* Directions
Without the pictures, output the lines of the material from the very first through the one that holds "Zošit sa používa".

* Data below

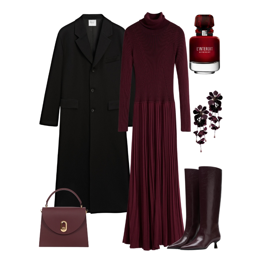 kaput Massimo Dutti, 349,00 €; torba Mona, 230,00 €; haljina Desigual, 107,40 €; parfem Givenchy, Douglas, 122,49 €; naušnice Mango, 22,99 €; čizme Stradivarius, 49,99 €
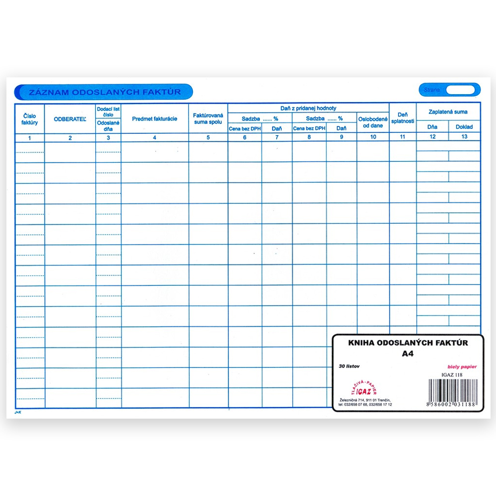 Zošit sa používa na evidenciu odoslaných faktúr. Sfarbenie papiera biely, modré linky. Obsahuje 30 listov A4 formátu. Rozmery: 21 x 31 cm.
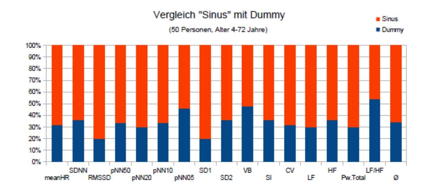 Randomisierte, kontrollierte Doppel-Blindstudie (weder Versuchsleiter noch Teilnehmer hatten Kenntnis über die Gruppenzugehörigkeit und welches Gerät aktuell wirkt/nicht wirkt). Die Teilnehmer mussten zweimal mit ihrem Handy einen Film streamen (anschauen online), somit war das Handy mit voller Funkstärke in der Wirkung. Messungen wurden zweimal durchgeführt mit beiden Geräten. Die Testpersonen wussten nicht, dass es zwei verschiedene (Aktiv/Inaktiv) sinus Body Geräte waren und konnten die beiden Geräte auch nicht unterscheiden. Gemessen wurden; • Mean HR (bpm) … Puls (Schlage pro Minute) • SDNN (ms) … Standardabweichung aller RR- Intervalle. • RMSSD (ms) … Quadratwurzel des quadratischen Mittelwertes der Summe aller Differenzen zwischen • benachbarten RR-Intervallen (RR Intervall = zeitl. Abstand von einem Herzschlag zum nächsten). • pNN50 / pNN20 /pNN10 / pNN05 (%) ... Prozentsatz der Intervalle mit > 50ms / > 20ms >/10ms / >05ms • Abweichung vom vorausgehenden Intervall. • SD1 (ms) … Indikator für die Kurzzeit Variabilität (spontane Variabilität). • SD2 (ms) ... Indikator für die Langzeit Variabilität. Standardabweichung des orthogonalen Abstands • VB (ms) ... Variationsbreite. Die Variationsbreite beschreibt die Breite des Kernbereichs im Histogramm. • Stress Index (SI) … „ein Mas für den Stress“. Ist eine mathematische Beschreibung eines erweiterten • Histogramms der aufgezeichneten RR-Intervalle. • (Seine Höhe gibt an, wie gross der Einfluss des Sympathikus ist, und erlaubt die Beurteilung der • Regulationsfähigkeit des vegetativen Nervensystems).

* The completed task
 kaput Massimo Dutti, 349,00 €; torba Mona, 230,00 €; haljina Desigual, 107,40 €; parfem Givenchy, Douglas, 122,49 €; naušnice Mango, 22,99 €; čizme Stradivarius, 49,99 €
 Zošit sa používa na evidenciu odoslaných faktúr. Sfarbenie papiera biely, modré linky. Obsahuje 30 listov A4 formátu. Rozmery: 21 x 31 cm.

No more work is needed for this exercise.